▶ **Work instruction**
Word for word, write the lines below out again, with no pictures.
Source material Block Start
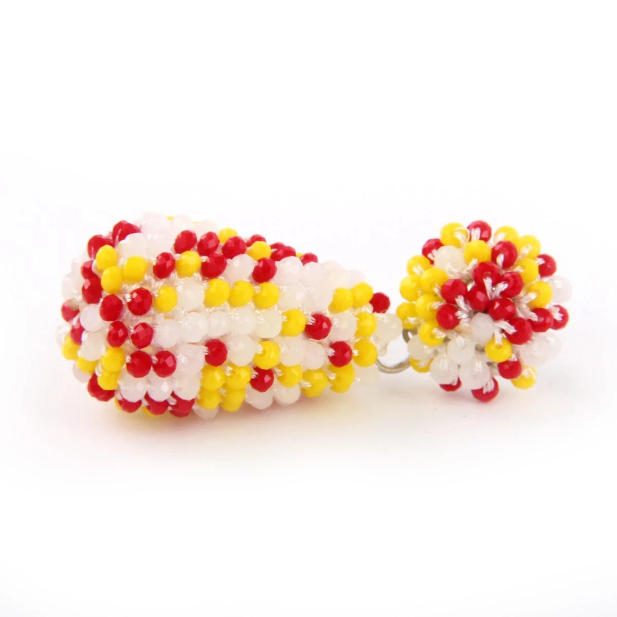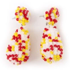 Deze luxe oorbellen zijn echte eye-catchers. De oorbellen zijn verfijnd bezet met kleine rood-wit-gele kraaltjes voor een sprankelend effect. Deze oorbellen zijn de ‘finishing touch’ van je outfit.
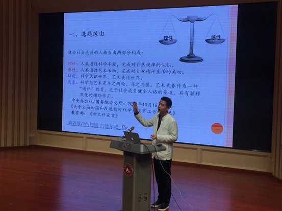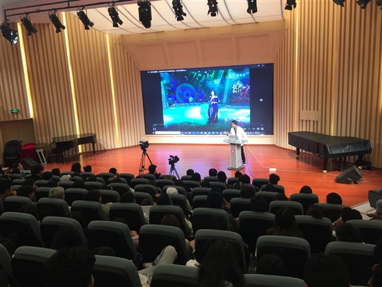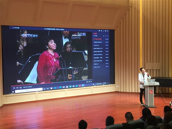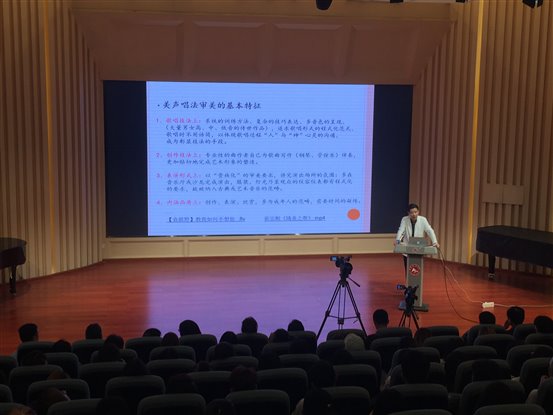 申波教授就我们平日里再熟悉不过的“美声、民族、通俗三种唱法”,结合视听形象生动的分析了其内在蕴含的丰富文化底蕴和音乐内涵。西洋美声唱法源于人类向往与上天神灵的沟通,因此声音位置 高,利于演唱表达庄严肃穆的音乐情感;中国民族唱法承载着中华农耕文化背景,是表现“家国情怀”的中国气韵艺术手段;通俗唱法则是“思想解放”春风下,具有“音乐标签”的个人情感表达。三种唱法已基本形成你中有我、我中有你,不断传承创新、彰显中华审美特征的舞台表演形式,体现出和而不同、美美与共创作与表演的新气象。最后申教授总结到艺术素养之于社会发展对未来人才要求的基本取向,强调未来智能经济时代,具有较高艺术素养的雅者才能立于不败之地。
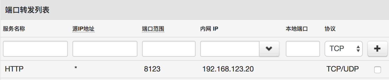 上图的配置是把所有发往8123端口的数据包到转到192.168.123.20这台设备上。
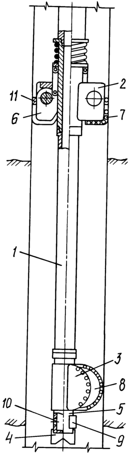 В процессе бурения в результате трения о стенки скважины канат 10 подвергнется обрыву и по достижению центратором 2 расширенной части ствола скважины произойдет переключение шарнирных подпружиненных лопастей 6 в рабочее положение и дальнейшее бурение с расширением ствола скважины будет продолжаться с одновременной центрацией устройства относительно расширенного ствола скважины и калибровкой диаметра расширенного ствола скважины. После окончания процесса расширения и окончательной промывки скважины устройство извлекают из скважины, при этом при достижении шарнирных подпружиненных лопастей узкой части ствола скважины они переводятся в транспортное положение.
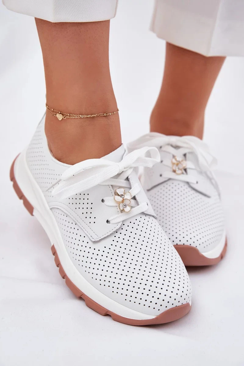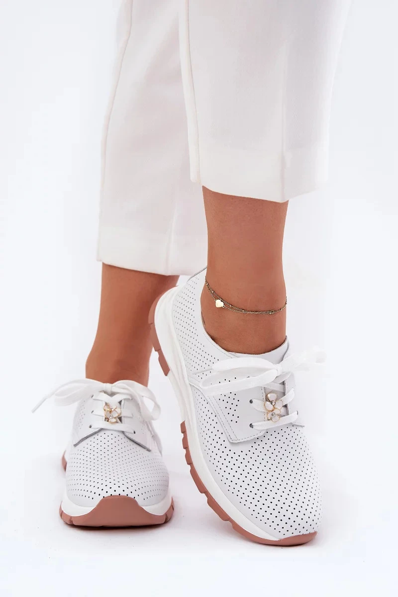 Dámské kožené polobotky s připínacím doplňkem Artiker – bílé
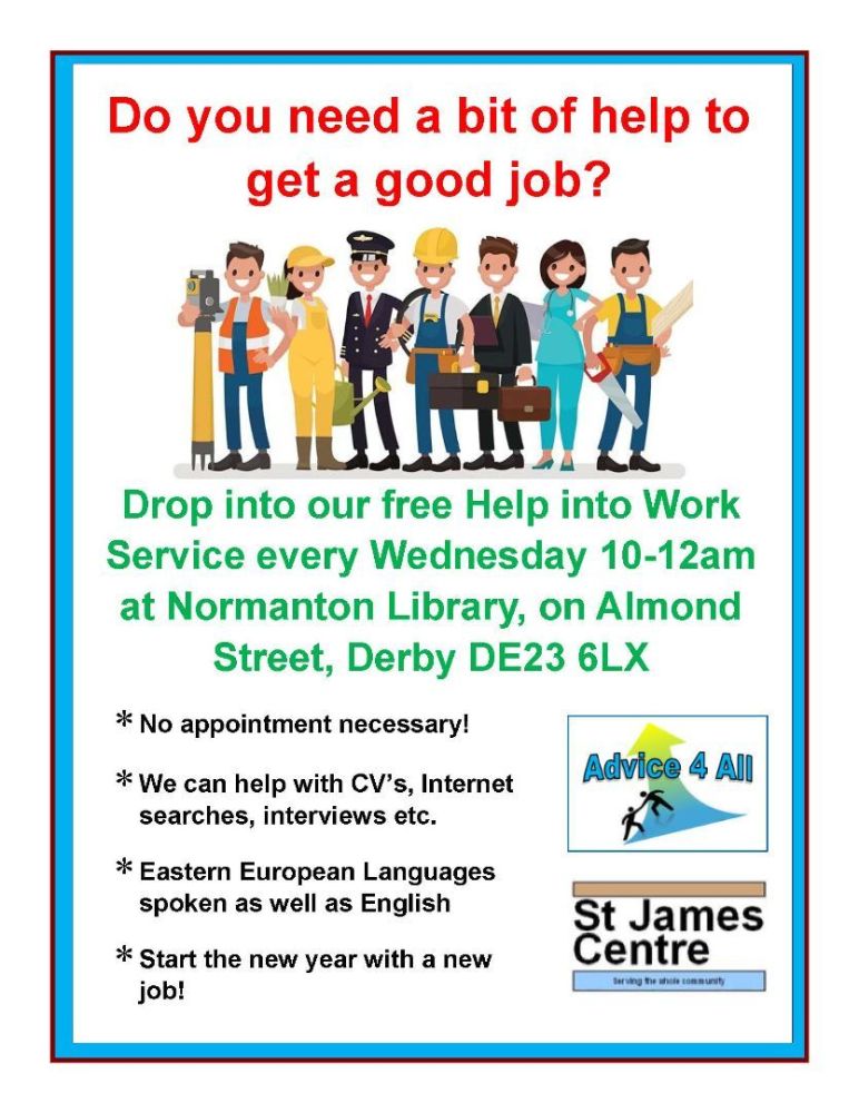 Do you need a bit of help to get a good job? Drop in to St James Centre's free Help into Work Service!
Source material Block End
▶ **Answer for this exercise**
 Deze luxe oorbellen zijn echte eye-catchers. De oorbellen zijn verfijnd bezet met kleine rood-wit-gele kraaltjes voor een sprankelend effect. Deze oorbellen zijn de ‘finishing touch’ van je outfit.
 申波教授就我们平日里再熟悉不过的“美声、民族、通俗三种唱法”,结合视听形象生动的分析了其内在蕴含的丰富文化底蕴和音乐内涵。西洋美声唱法源于人类向往与上天神灵的沟通,因此声音位置 高,利于演唱表达庄严肃穆的音乐情感;中国民族唱法承载着中华农耕文化背景,是表现“家国情怀”的中国气韵艺术手段;通俗唱法则是“思想解放”春风下,具有“音乐标签”的个人情感表达。三种唱法已基本形成你中有我、我中有你,不断传承创新、彰显中华审美特征的舞台表演形式,体现出和而不同、美美与共创作与表演的新气象。最后申教授总结到艺术素养之于社会发展对未来人才要求的基本取向,强调未来智能经济时代,具有较高艺术素养的雅者才能立于不败之地。
 上图的配置是把所有发往8123端口的数据包到转到192.168.123.20这台设备上。
 В процессе бурения в результате трения о стенки скважины канат 10 подвергнется обрыву и по достижению центратором 2 расширенной части ствола скважины произойдет переключение шарнирных подпружиненных лопастей 6 в рабочее положение и дальнейшее бурение с расширением ствола скважины будет продолжаться с одновременной центрацией устройства относительно расширенного ствола скважины и калибровкой диаметра расширенного ствола скважины. После окончания процесса расширения и окончательной промывки скважины устройство извлекают из скважины, при этом при достижении шарнирных подпружиненных лопастей узкой части ствола скважины они переводятся в транспортное положение.
 Dámské kožené polobotky s připínacím doplňkem Artiker – bílé
 Do you need a bit of help to get a good job? Drop in to St James Centre's free Help into Work Service!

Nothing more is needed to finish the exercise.